This climbs the right bolted line on the face to the right of the waterfall. Clip your 1st bolt and make the crux move. The climbing eases a bit the rest of the way.
Protection
2 bolts at the top for the anchors. 4 draws are needed.
By Andrew Gram Administrator From: Denver, CO Jun 16, 2005
This route is probably easier than the 5.7 just to its left because the start isn't quite as hard. Hard to rate these things though because they get so much easier past the first bolt.
By Jason Billings From: Draper, UT Oct 10, 2005 rating: 5.8+
I disagree this route is not easier than the Flee Flicker the 5.7 to the left. I thought the start of this was very slick. I would recommend stick clipping the first draw. I found it difficult to get a secure stance from which to clip the first draw. Fall while clipping the first draw and you'll wind upside down on the boulder below. I agree that once you get out of the initial slick stuff climb does become much easier.

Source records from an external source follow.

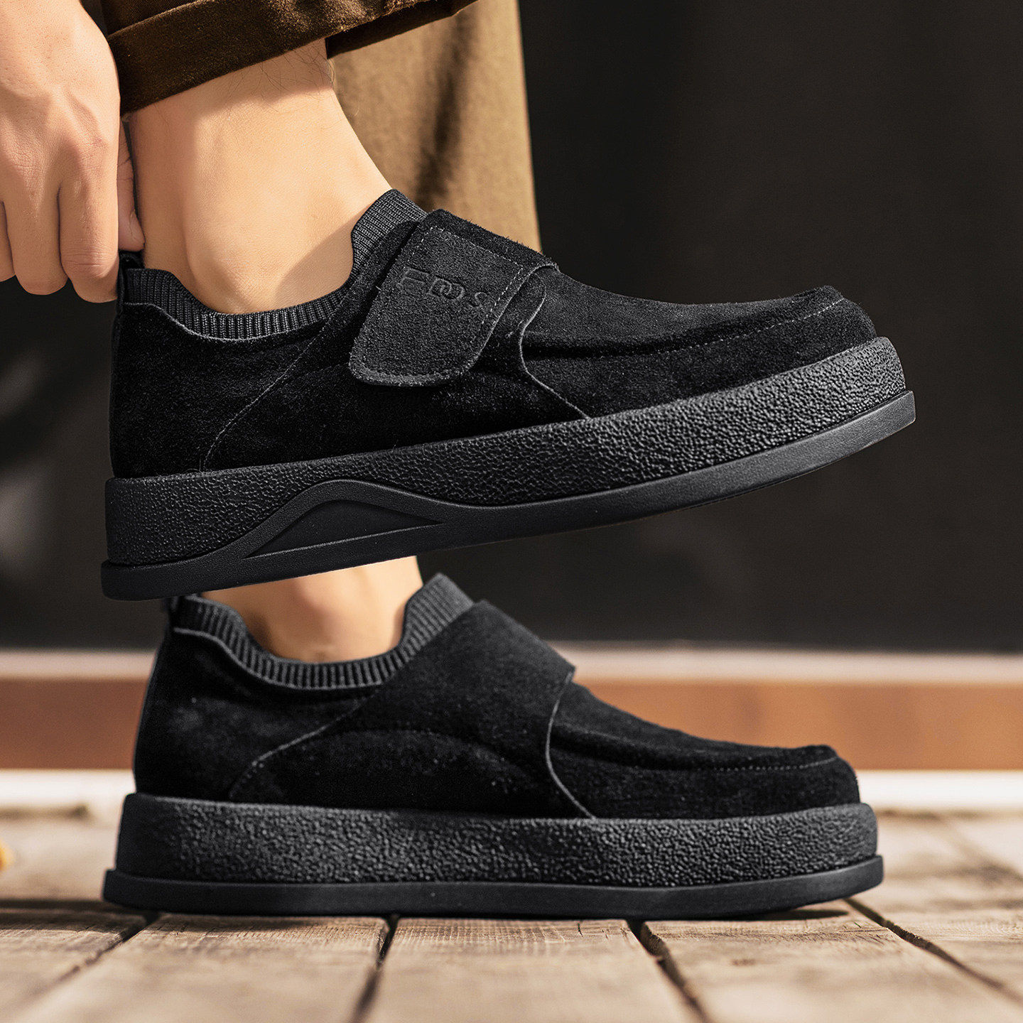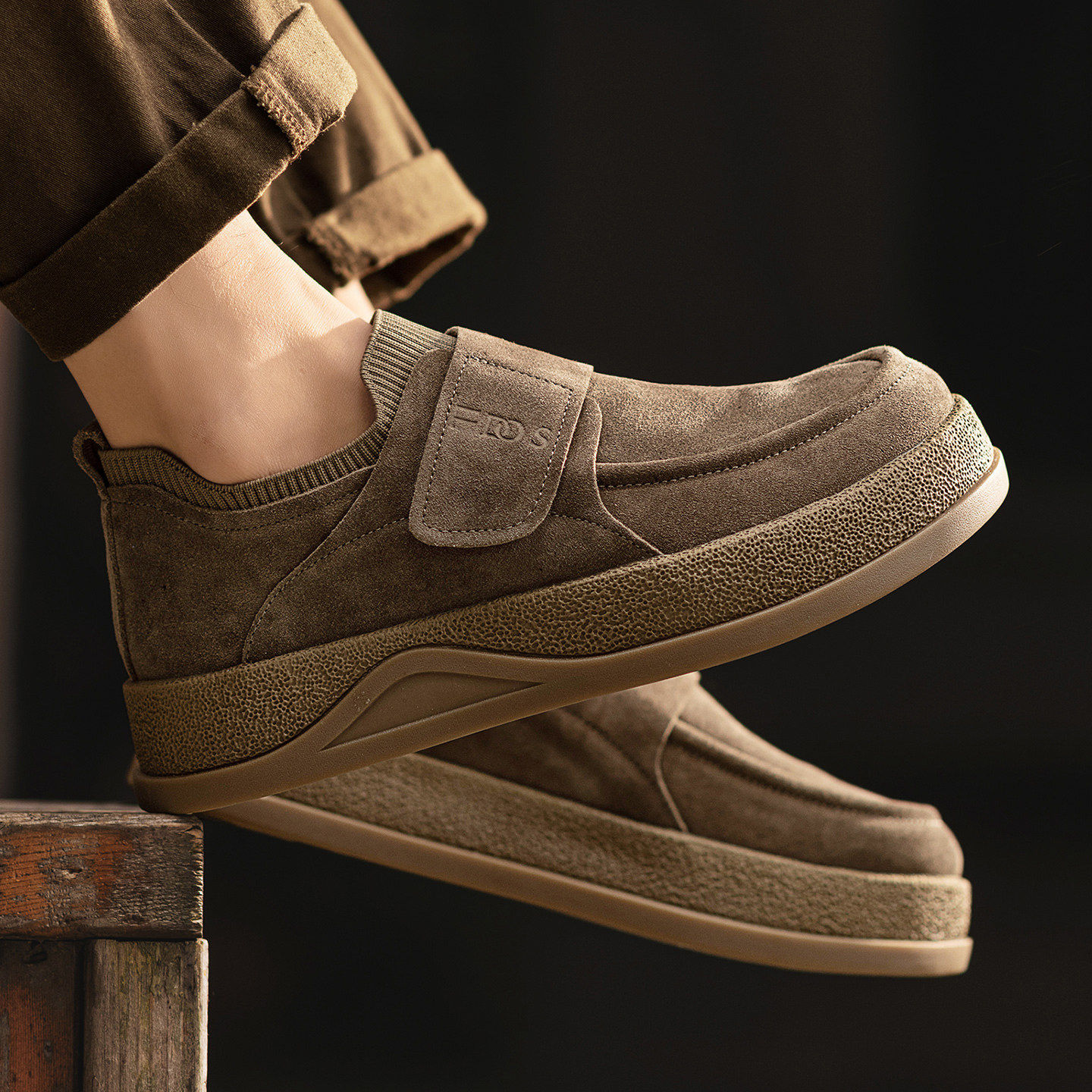 蜘蛛王翻毛皮男鞋2026春季新款一脚蹬运动休闲豆豆板鞋男士开鞋子
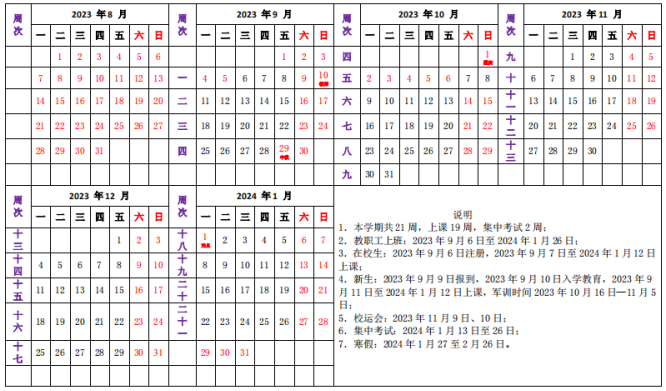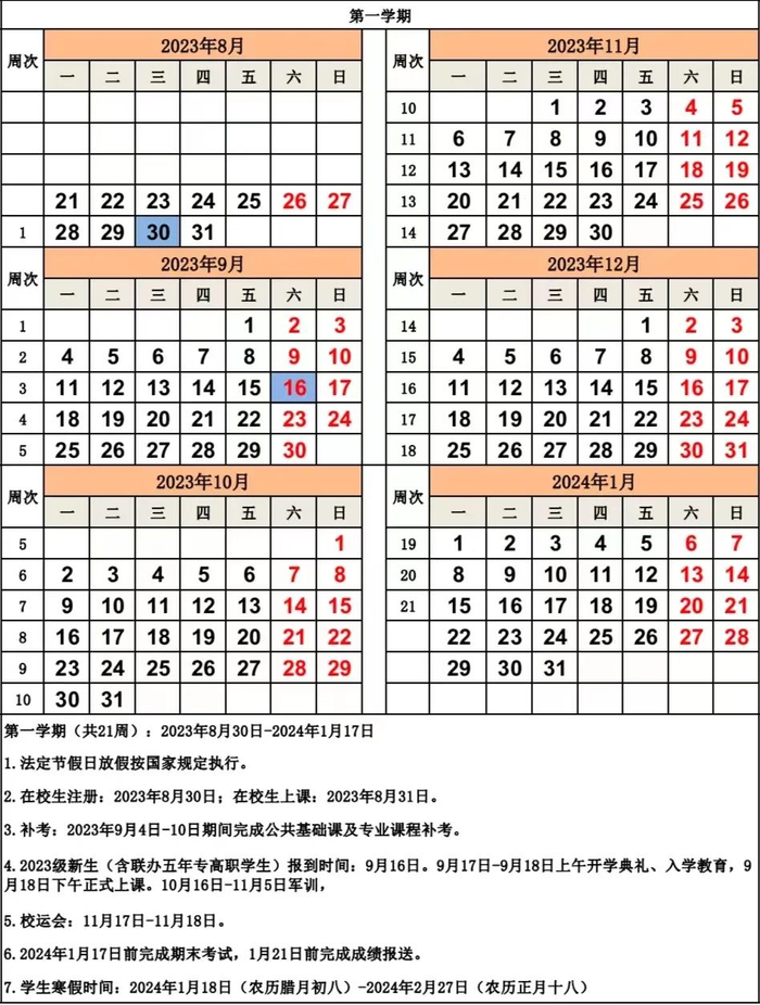 2023年8月31日(星期四)开学注册,2023年9月1日(星期五)正式上课,2024年1月31日(星期三)学期结束。
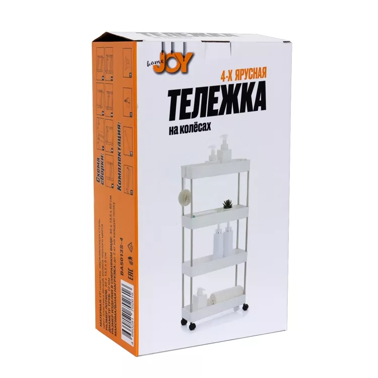Этажерка на колесиках 85х13,5х40см, 4 полки, цв.белый
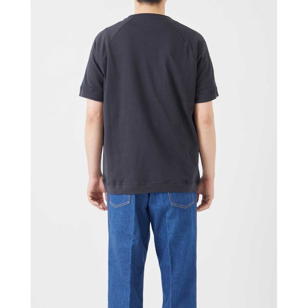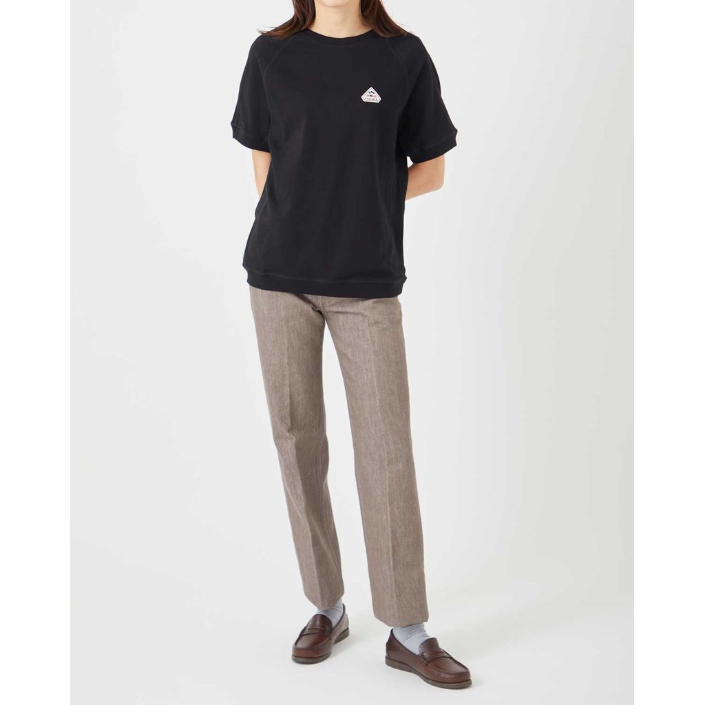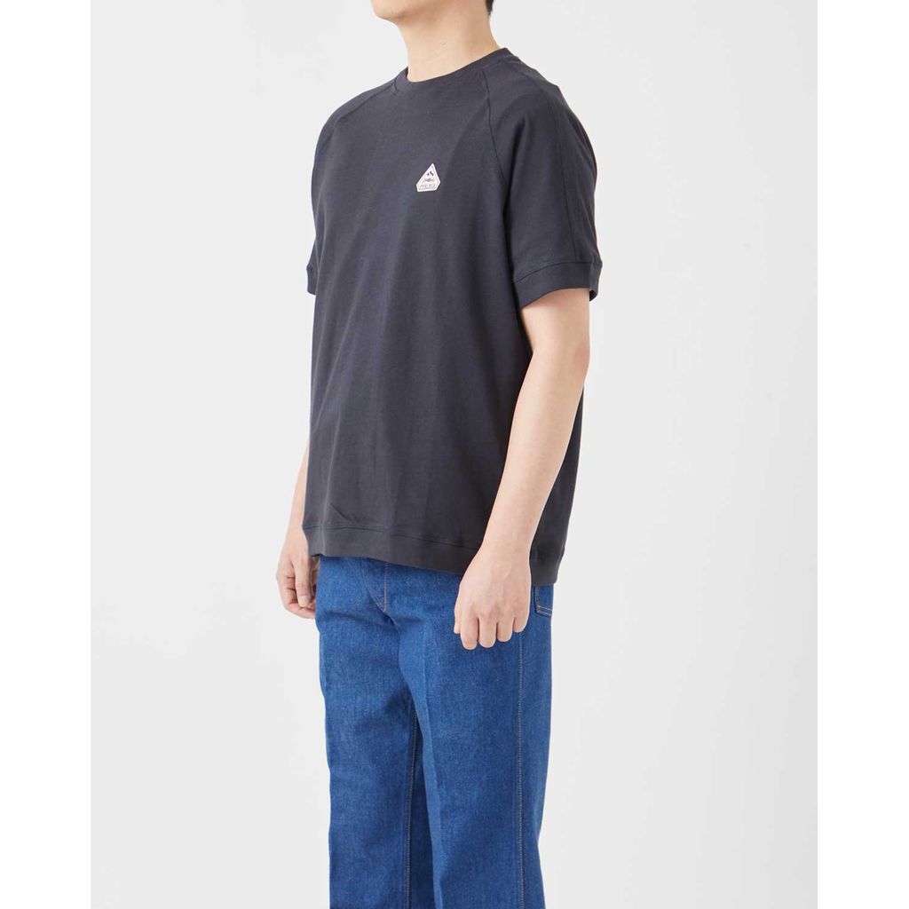 ピークはヘビーウエイトのオーガニックコットン100%を使ったショートスリーブTシャツです。肩回りの運動性を向上させるラグランスリーブにゴロつきを抑えたフラットシームによる縫製、そして身幅に余裕を持たせたフィットによって快適な着心地です。袖口とヘムはリブ仕様になっています。胸にはロゴワッペンが付きます。
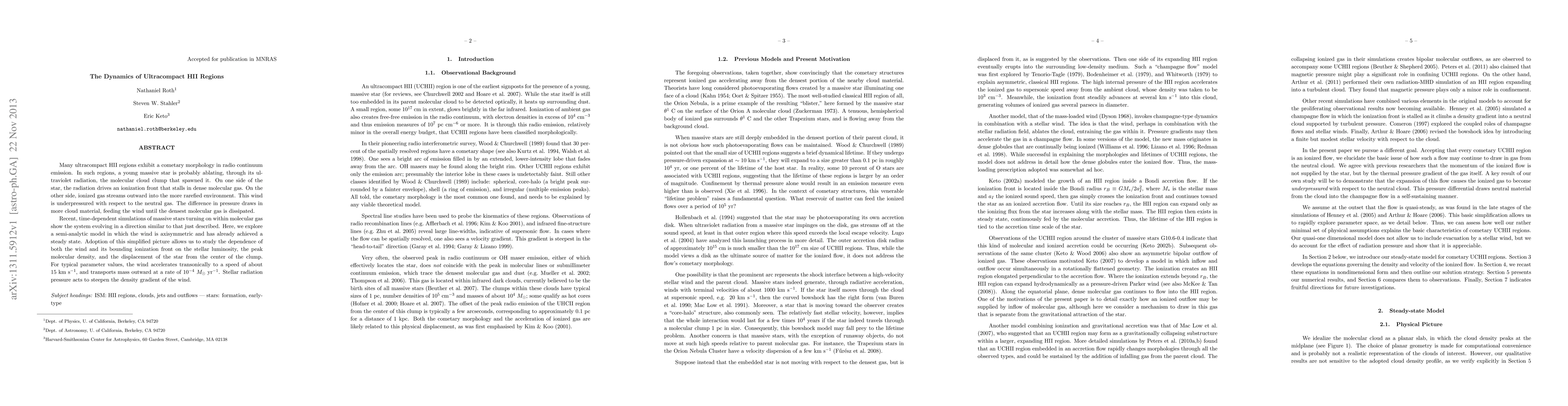 A study of ultracompact HII regions reveals a cometary morphology driven by the interaction between a young massive star's radiation and its molecular cloud surroundings. The simulation shows that stellar radiation pressure accelerates the wind to 15 km/s and transports mass outward at a rate of 10^-4 solar masses per year.
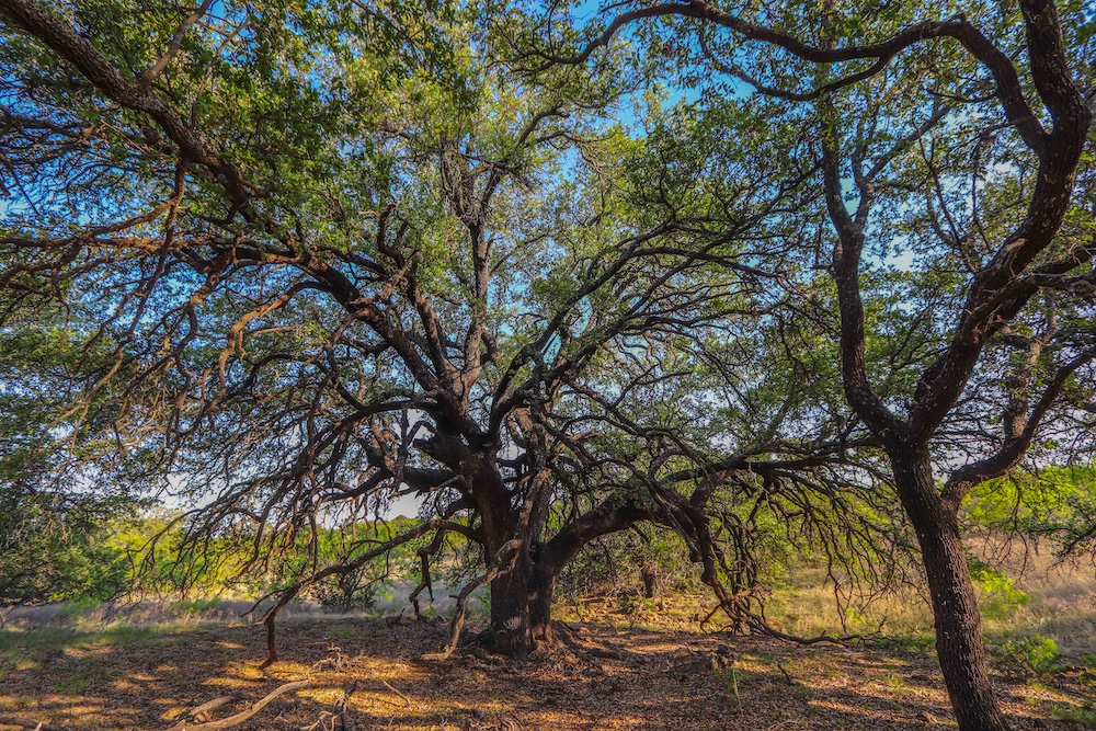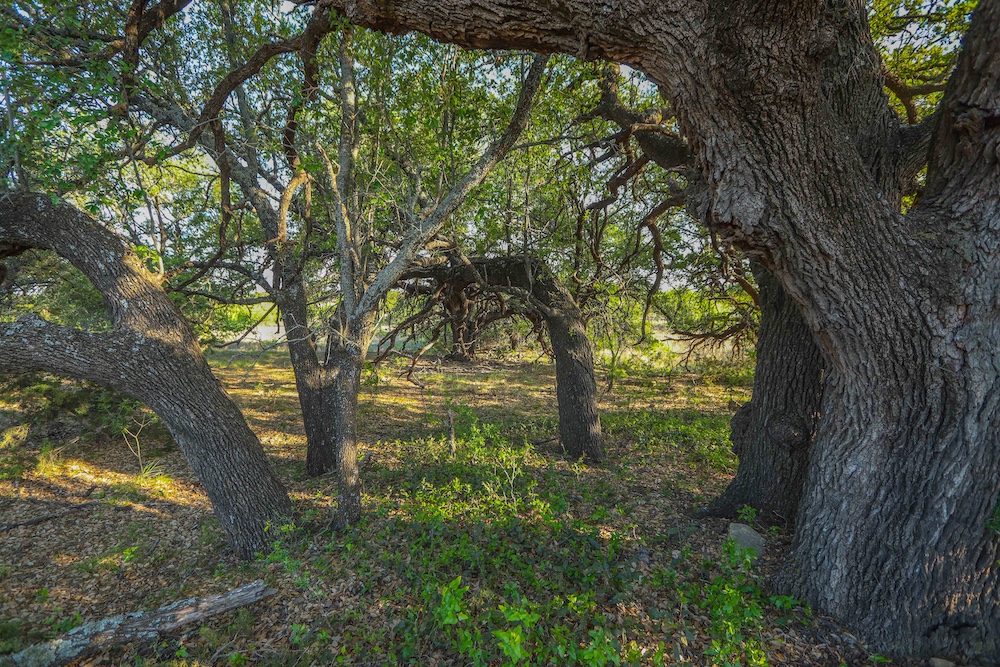 - Mature live oak and post oak trees throughout
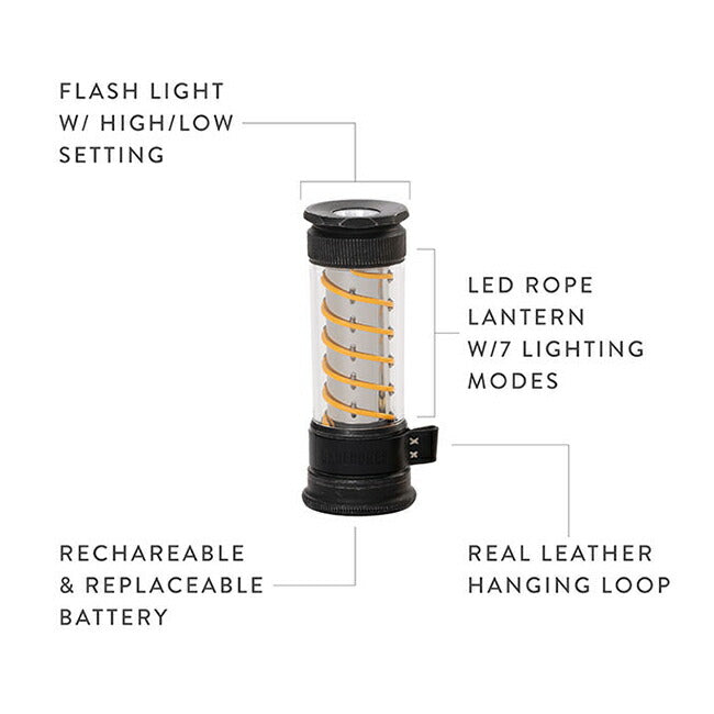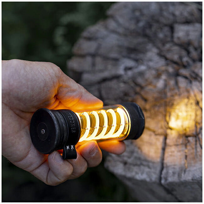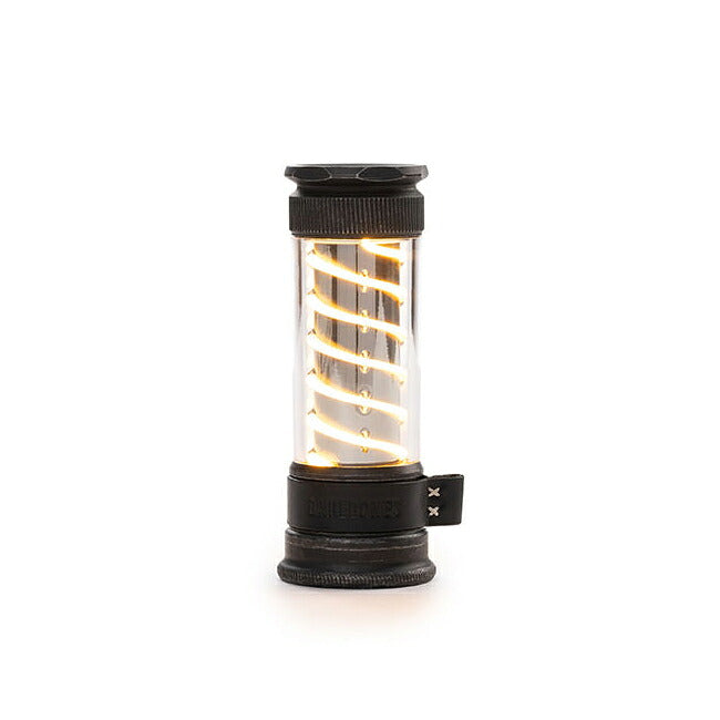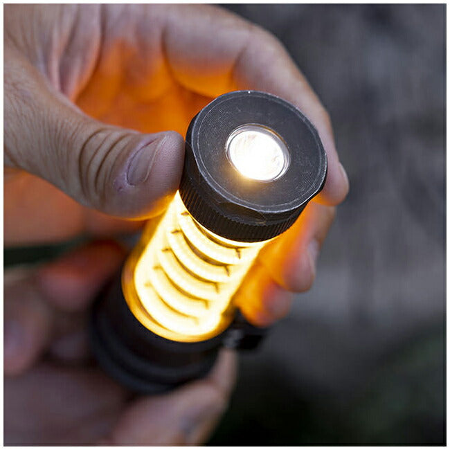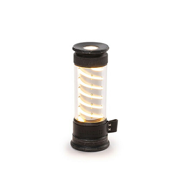 ロープ状のLEDを採用したスティック状の小型ライトです。 ベース部分に磁石が内蔵されより使い易くなりました。 ハンドライト、ランタンとして使用できるユニークなランタンで、リチウムバッテリーを内蔵しており、繰り返し使用可能です。 タンブルスチールバージョンは、ブラックカラーにダメージ加工が施され武骨な質感です。 【注意】 ご購入後、バッテリーを入れる際には、説明書に沿って、フラッシュライトレンズエンドキャップ側を回してバッテリーを挿入してください。 その際、締めすぎないようにしてください。 また、ライトセレクターノブ(スイッチ)側を間違って強く回したり、分解をしますと、ライトの破損に繋がりますので、ご注意ください。 【ライトスティックモード】 [明るさ] Lowパワー:9-12lm、Hiパワー:90-120lm [連続点灯時間] Lowパワー:20時間、Hiパワー:7時間 [発光色] 暖色 2100-2400K 【フラッシュライトモード】 [明るさ] Lowパワー:11-15lm、Hiパワー:115-145lm [連続点灯時間] Lowパワー:60-80時間、Hiパワー:6-8時間 [発光色] 暖色 2800-3300K 【バッテリ−】 LI-ION 18650 | 2200mAh 3.7V 8.14Wh 【充電方式】 USB-C充電 【充電時間】 4-5時間 【素材】 スチール、ポリカーボネート、レザー 【重量】 220g |

By Rebecca Airmet From: Salt Lake City, UT Aug 15, 2006 rating: 5.8+ PG13
Am I the only one that thinks the mantle thing above the third bolt is at least kind of hard? Or am I doing it wrong? I use the big slopey chalk-covered holds about a foot and a half above the bolt, bringinng weight onto the left foot on the chickenhead just at the bolt...
By chrisnsmith From: Salt Lake City, UT Aug 6, 2007 rating: 5.8+
Rebecca, I agree. I thought the mantle at the third bolt was the hardest move. It sounds like I'm doing it the same way you are (really committing with my left foot).